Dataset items
----------

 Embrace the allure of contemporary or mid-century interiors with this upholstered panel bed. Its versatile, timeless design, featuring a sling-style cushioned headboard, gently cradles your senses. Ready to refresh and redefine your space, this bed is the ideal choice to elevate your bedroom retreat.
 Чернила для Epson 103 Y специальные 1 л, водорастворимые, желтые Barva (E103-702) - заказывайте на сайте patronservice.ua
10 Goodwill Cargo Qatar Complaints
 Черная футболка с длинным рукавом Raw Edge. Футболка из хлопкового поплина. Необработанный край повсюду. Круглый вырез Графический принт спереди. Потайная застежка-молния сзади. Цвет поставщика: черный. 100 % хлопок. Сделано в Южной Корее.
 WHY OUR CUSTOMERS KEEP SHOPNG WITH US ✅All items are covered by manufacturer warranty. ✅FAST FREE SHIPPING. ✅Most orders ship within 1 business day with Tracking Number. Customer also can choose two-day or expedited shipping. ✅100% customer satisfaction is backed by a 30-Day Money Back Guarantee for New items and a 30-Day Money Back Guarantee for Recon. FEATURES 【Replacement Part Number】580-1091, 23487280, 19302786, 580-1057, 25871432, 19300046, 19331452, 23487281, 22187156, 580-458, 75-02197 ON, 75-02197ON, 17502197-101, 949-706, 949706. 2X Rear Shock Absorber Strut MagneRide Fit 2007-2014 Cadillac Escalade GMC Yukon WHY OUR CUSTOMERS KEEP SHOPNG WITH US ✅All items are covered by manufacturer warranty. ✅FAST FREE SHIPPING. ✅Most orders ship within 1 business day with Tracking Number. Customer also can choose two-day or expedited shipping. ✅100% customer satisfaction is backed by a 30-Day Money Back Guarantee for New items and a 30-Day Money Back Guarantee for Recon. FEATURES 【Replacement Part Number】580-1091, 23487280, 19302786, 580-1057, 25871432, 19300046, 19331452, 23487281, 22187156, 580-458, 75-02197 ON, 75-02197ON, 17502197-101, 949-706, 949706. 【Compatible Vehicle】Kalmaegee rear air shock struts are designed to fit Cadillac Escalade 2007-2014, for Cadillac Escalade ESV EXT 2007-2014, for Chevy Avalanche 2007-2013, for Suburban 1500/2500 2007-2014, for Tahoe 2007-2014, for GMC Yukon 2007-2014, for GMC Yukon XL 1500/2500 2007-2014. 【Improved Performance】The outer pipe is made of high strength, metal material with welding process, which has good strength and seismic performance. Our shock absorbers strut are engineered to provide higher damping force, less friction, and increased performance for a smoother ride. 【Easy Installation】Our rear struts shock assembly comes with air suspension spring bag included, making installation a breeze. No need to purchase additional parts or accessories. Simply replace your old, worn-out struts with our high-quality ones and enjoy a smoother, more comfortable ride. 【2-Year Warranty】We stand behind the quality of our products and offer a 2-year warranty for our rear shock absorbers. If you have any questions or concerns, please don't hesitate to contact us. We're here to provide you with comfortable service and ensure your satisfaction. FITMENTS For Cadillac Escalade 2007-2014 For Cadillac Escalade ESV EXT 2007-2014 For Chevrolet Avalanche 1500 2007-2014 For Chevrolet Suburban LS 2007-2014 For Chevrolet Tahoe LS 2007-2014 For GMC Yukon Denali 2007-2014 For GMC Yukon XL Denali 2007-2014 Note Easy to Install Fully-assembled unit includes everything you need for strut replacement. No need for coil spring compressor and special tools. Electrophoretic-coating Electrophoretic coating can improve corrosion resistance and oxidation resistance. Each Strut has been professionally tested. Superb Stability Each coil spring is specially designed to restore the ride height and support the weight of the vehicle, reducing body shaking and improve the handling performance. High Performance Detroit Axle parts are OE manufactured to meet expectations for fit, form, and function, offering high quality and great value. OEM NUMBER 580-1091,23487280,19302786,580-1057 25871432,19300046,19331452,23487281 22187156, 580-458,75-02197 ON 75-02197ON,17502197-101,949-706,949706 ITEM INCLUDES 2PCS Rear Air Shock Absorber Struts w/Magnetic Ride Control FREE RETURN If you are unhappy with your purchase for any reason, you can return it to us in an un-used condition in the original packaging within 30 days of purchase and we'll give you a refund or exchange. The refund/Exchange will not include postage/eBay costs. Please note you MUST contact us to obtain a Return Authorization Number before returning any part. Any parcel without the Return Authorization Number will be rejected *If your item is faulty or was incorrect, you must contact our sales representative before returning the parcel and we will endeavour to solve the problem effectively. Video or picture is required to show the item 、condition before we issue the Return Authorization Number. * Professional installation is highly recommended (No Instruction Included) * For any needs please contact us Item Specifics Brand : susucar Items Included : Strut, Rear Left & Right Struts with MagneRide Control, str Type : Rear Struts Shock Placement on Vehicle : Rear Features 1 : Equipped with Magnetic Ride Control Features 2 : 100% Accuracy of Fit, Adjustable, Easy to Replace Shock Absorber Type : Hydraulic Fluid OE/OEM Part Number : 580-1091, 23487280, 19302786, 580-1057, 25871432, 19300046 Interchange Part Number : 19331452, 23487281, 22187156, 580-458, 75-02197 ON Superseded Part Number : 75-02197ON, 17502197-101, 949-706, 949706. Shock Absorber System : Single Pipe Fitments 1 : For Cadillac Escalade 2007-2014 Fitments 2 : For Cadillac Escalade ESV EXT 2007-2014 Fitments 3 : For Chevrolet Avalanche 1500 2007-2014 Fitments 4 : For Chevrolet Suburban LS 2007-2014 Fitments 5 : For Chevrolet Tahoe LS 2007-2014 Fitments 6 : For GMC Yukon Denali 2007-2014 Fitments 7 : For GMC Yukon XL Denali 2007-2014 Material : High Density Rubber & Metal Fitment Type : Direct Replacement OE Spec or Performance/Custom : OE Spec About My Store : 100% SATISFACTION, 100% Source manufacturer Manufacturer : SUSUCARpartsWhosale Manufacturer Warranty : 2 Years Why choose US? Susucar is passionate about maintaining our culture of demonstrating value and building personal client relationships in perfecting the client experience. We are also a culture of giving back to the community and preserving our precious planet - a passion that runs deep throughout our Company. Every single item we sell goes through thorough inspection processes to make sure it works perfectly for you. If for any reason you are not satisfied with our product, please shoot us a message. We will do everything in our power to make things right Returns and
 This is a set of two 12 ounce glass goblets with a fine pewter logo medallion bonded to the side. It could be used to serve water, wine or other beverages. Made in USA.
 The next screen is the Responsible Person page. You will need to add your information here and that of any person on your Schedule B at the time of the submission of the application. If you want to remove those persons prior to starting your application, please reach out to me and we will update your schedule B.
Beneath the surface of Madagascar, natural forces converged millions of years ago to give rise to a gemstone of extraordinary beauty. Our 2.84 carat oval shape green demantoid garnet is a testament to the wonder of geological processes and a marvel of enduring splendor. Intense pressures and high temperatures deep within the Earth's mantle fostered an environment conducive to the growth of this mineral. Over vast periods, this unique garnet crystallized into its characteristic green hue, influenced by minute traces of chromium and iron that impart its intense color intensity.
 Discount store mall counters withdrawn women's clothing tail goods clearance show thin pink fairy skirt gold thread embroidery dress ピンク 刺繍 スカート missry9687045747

----------

• _What to work on_
Provide a verbatim reproduction of all the records.

• _Exercise response_
 Embrace the allure of contemporary or mid-century interiors with this upholstered panel bed. Its versatile, timeless design, featuring a sling-style cushioned headboard, gently cradles your senses. Ready to refresh and redefine your space, this bed is the ideal choice to elevate your bedroom retreat.
 Чернила для Epson 103 Y специальные 1 л, водорастворимые, желтые Barva (E103-702) - заказывайте на сайте patronservice.ua
10 Goodwill Cargo Qatar Complaints
 Черная футболка с длинным рукавом Raw Edge. Футболка из хлопкового поплина. Необработанный край повсюду. Круглый вырез Графический принт спереди. Потайная застежка-молния сзади. Цвет поставщика: черный. 100 % хлопок. Сделано в Южной Корее.
 WHY OUR CUSTOMERS KEEP SHOPNG WITH US ✅All items are covered by manufacturer warranty. ✅FAST FREE SHIPPING. ✅Most orders ship within 1 business day with Tracking Number. Customer also can choose two-day or expedited shipping. ✅100% customer satisfaction is backed by a 30-Day Money Back Guarantee for New items and a 30-Day Money Back Guarantee for Recon. FEATURES 【Replacement Part Number】580-1091, 23487280, 19302786, 580-1057, 25871432, 19300046, 19331452, 23487281, 22187156, 580-458, 75-02197 ON, 75-02197ON, 17502197-101, 949-706, 949706. 2X Rear Shock Absorber Strut MagneRide Fit 2007-2014 Cadillac Escalade GMC Yukon WHY OUR CUSTOMERS KEEP SHOPNG WITH US ✅All items are covered by manufacturer warranty. ✅FAST FREE SHIPPING. ✅Most orders ship within 1 business day with Tracking Number. Customer also can choose two-day or expedited shipping. ✅100% customer satisfaction is backed by a 30-Day Money Back Guarantee for New items and a 30-Day Money Back Guarantee for Recon. FEATURES 【Replacement Part Number】580-1091, 23487280, 19302786, 580-1057, 25871432, 19300046, 19331452, 23487281, 22187156, 580-458, 75-02197 ON, 75-02197ON, 17502197-101, 949-706, 949706. 【Compatible Vehicle】Kalmaegee rear air shock struts are designed to fit Cadillac Escalade 2007-2014, for Cadillac Escalade ESV EXT 2007-2014, for Chevy Avalanche 2007-2013, for Suburban 1500/2500 2007-2014, for Tahoe 2007-2014, for GMC Yukon 2007-2014, for GMC Yukon XL 1500/2500 2007-2014. 【Improved Performance】The outer pipe is made of high strength, metal material with welding process, which has good strength and seismic performance. Our shock absorbers strut are engineered to provide higher damping force, less friction, and increased performance for a smoother ride. 【Easy Installation】Our rear struts shock assembly comes with air suspension spring bag included, making installation a breeze. No need to purchase additional parts or accessories. Simply replace your old, worn-out struts with our high-quality ones and enjoy a smoother, more comfortable ride. 【2-Year Warranty】We stand behind the quality of our products and offer a 2-year warranty for our rear shock absorbers. If you have any questions or concerns, please don't hesitate to contact us. We're here to provide you with comfortable service and ensure your satisfaction. FITMENTS For Cadillac Escalade 2007-2014 For Cadillac Escalade ESV EXT 2007-2014 For Chevrolet Avalanche 1500 2007-2014 For Chevrolet Suburban LS 2007-2014 For Chevrolet Tahoe LS 2007-2014 For GMC Yukon Denali 2007-2014 For GMC Yukon XL Denali 2007-2014 Note Easy to Install Fully-assembled unit includes everything you need for strut replacement. No need for coil spring compressor and special tools. Electrophoretic-coating Electrophoretic coating can improve corrosion resistance and oxidation resistance. Each Strut has been professionally tested. Superb Stability Each coil spring is specially designed to restore the ride height and support the weight of the vehicle, reducing body shaking and improve the handling performance. High Performance Detroit Axle parts are OE manufactured to meet expectations for fit, form, and function, offering high quality and great value. OEM NUMBER 580-1091,23487280,19302786,580-1057 25871432,19300046,19331452,23487281 22187156, 580-458,75-02197 ON 75-02197ON,17502197-101,949-706,949706 ITEM INCLUDES 2PCS Rear Air Shock Absorber Struts w/Magnetic Ride Control FREE RETURN If you are unhappy with your purchase for any reason, you can return it to us in an un-used condition in the original packaging within 30 days of purchase and we'll give you a refund or exchange. The refund/Exchange will not include postage/eBay costs. Please note you MUST contact us to obtain a Return Authorization Number before returning any part. Any parcel without the Return Authorization Number will be rejected *If your item is faulty or was incorrect, you must contact our sales representative before returning the parcel and we will endeavour to solve the problem effectively. Video or picture is required to show the item 、condition before we issue the Return Authorization Number. * Professional installation is highly recommended (No Instruction Included) * For any needs please contact us Item Specifics Brand : susucar Items Included : Strut, Rear Left & Right Struts with MagneRide Control, str Type : Rear Struts Shock Placement on Vehicle : Rear Features 1 : Equipped with Magnetic Ride Control Features 2 : 100% Accuracy of Fit, Adjustable, Easy to Replace Shock Absorber Type : Hydraulic Fluid OE/OEM Part Number : 580-1091, 23487280, 19302786, 580-1057, 25871432, 19300046 Interchange Part Number : 19331452, 23487281, 22187156, 580-458, 75-02197 ON Superseded Part Number : 75-02197ON, 17502197-101, 949-706, 949706. Shock Absorber System : Single Pipe Fitments 1 : For Cadillac Escalade 2007-2014 Fitments 2 : For Cadillac Escalade ESV EXT 2007-2014 Fitments 3 : For Chevrolet Avalanche 1500 2007-2014 Fitments 4 : For Chevrolet Suburban LS 2007-2014 Fitments 5 : For Chevrolet Tahoe LS 2007-2014 Fitments 6 : For GMC Yukon Denali 2007-2014 Fitments 7 : For GMC Yukon XL Denali 2007-2014 Material : High Density Rubber & Metal Fitment Type : Direct Replacement OE Spec or Performance/Custom : OE Spec About My Store : 100% SATISFACTION, 100% Source manufacturer Manufacturer : SUSUCARpartsWhosale Manufacturer Warranty : 2 Years Why choose US? Susucar is passionate about maintaining our culture of demonstrating value and building personal client relationships in perfecting the client experience. We are also a culture of giving back to the community and preserving our precious planet - a passion that runs deep throughout our Company. Every single item we sell goes through thorough inspection processes to make sure it works perfectly for you. If for any reason you are not satisfied with our product, please shoot us a message. We will do everything in our power to make things right Returns and
 This is a set of two 12 ounce glass goblets with a fine pewter logo medallion bonded to the side. It could be used to serve water, wine or other beverages. Made in USA.
 The next screen is the Responsible Person page. You will need to add your information here and that of any person on your Schedule B at the time of the submission of the application. If you want to remove those persons prior to starting your application, please reach out to me and we will update your schedule B.
Beneath the surface of Madagascar, natural forces converged millions of years ago to give rise to a gemstone of extraordinary beauty. Our 2.84 carat oval shape green demantoid garnet is a testament to the wonder of geological processes and a marvel of enduring splendor. Intense pressures and high temperatures deep within the Earth's mantle fostered an environment conducive to the growth of this mineral. Over vast periods, this unique garnet crystallized into its characteristic green hue, influenced by minute traces of chromium and iron that impart its intense color intensity.
 Discount store mall counters withdrawn women's clothing tail goods clearance show thin pink fairy skirt gold thread embroidery dress ピンク 刺繍 スカート missry9687045747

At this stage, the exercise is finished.